▶ **Your task**: From the line holding "Important Note: Variant" through the line holding "一个力对于这个物体本身造成的" below, write out every line exactly; include both of those lines and drop the pictures.

====== Study material ======

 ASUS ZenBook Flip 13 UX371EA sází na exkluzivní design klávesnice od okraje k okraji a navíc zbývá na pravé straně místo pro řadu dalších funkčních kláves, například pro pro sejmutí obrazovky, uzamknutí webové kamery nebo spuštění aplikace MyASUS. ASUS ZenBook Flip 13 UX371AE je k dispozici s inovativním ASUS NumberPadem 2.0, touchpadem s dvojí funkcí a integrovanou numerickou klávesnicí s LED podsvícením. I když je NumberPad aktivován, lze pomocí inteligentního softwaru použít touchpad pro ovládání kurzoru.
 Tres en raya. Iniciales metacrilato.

======
====== Study material ======

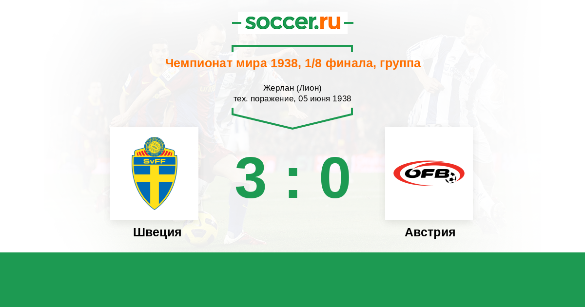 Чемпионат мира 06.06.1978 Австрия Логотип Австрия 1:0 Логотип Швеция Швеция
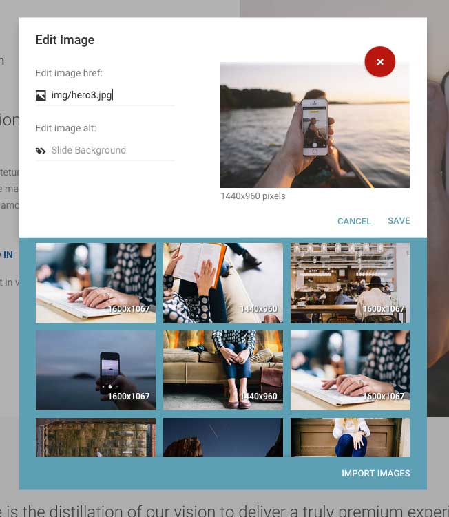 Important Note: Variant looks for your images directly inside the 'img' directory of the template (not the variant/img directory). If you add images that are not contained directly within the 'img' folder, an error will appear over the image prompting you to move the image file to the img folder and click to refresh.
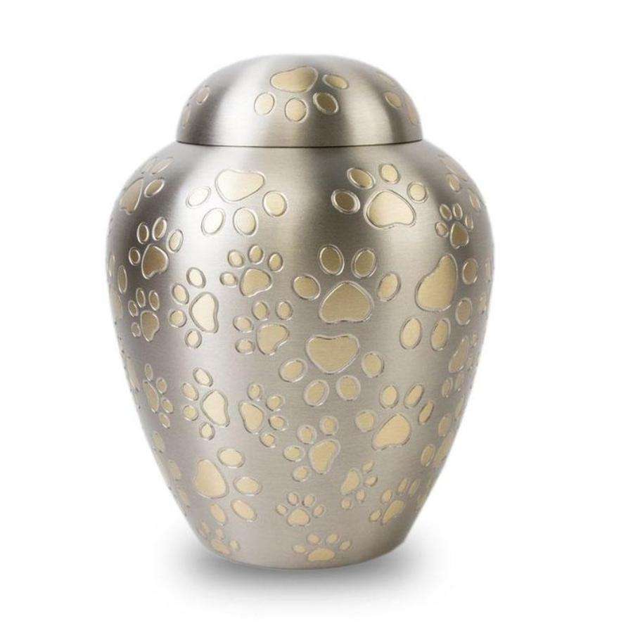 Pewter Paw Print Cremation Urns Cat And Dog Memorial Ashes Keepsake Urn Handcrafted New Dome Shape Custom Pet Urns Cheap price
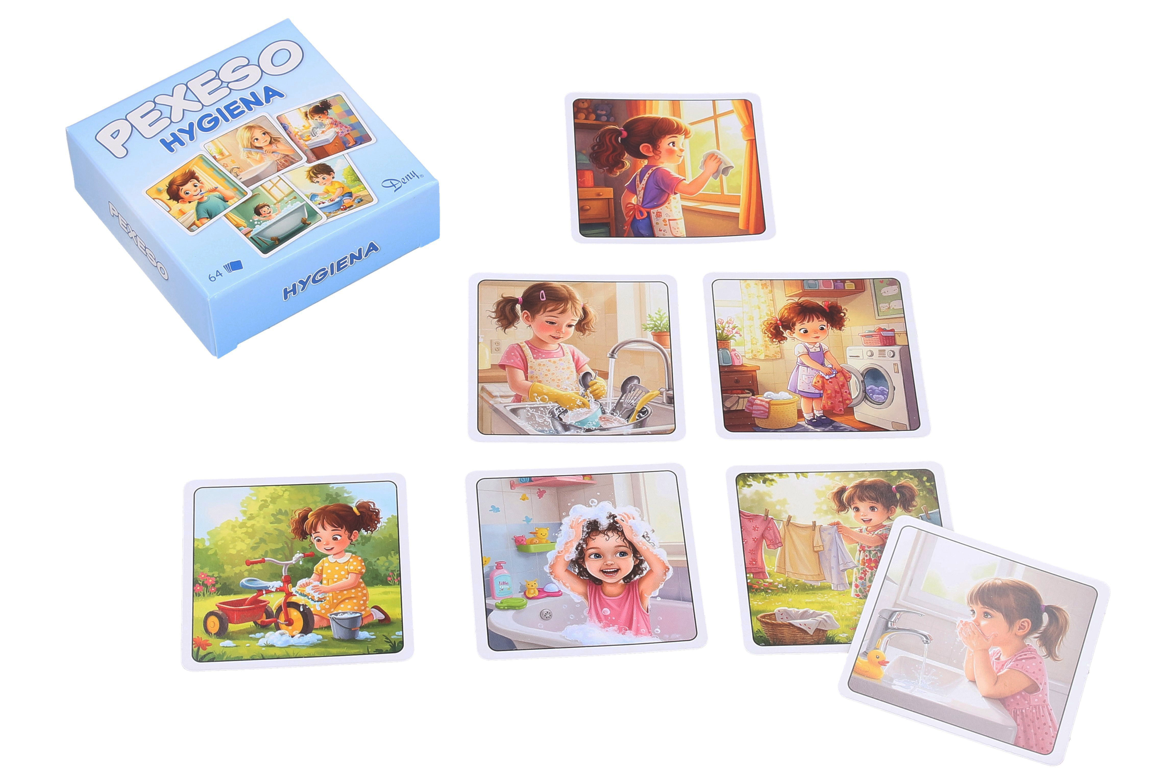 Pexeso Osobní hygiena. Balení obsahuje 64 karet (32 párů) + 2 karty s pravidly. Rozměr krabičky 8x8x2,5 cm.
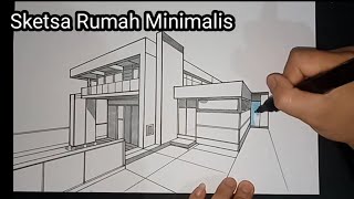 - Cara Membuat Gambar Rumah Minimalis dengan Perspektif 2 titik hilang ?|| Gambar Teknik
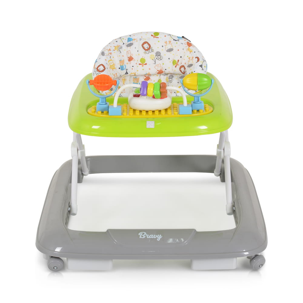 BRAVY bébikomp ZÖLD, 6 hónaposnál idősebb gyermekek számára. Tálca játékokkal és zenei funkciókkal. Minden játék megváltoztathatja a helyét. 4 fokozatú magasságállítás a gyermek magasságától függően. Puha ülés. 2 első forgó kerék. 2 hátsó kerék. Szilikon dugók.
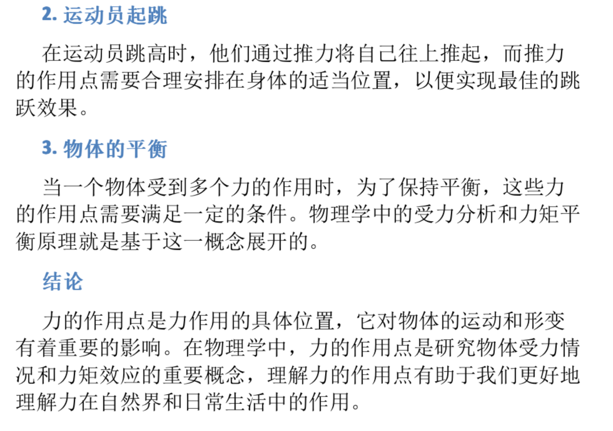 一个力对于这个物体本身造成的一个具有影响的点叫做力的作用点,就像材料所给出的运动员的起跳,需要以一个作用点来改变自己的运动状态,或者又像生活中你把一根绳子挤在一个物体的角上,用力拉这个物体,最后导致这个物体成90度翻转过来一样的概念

======

▶ **Output below**:
 Important Note: Variant looks for your images directly inside the 'img' directory of the template (not the variant/img directory). If you add images that are not contained directly within the 'img' folder, an error will appear over the image prompting you to move the image file to the img folder and click to refresh.
 Pewter Paw Print Cremation Urns Cat And Dog Memorial Ashes Keepsake Urn Handcrafted New Dome Shape Custom Pet Urns Cheap price
 Pexeso Osobní hygiena. Balení obsahuje 64 karet (32 párů) + 2 karty s pravidly. Rozměr krabičky 8x8x2,5 cm.
 - Cara Membuat Gambar Rumah Minimalis dengan Perspektif 2 titik hilang ?|| Gambar Teknik
 BRAVY bébikomp ZÖLD, 6 hónaposnál idősebb gyermekek számára. Tálca játékokkal és zenei funkciókkal. Minden játék megváltoztathatja a helyét. 4 fokozatú magasságállítás a gyermek magasságától függően. Puha ülés. 2 első forgó kerék. 2 hátsó kerék. Szilikon dugók.
 一个力对于这个物体本身造成的一个具有影响的点叫做力的作用点,就像材料所给出的运动员的起跳,需要以一个作用点来改变自己的运动状态,或者又像生活中你把一根绳子挤在一个物体的角上,用力拉这个物体,最后导致这个物体成90度翻转过来一样的概念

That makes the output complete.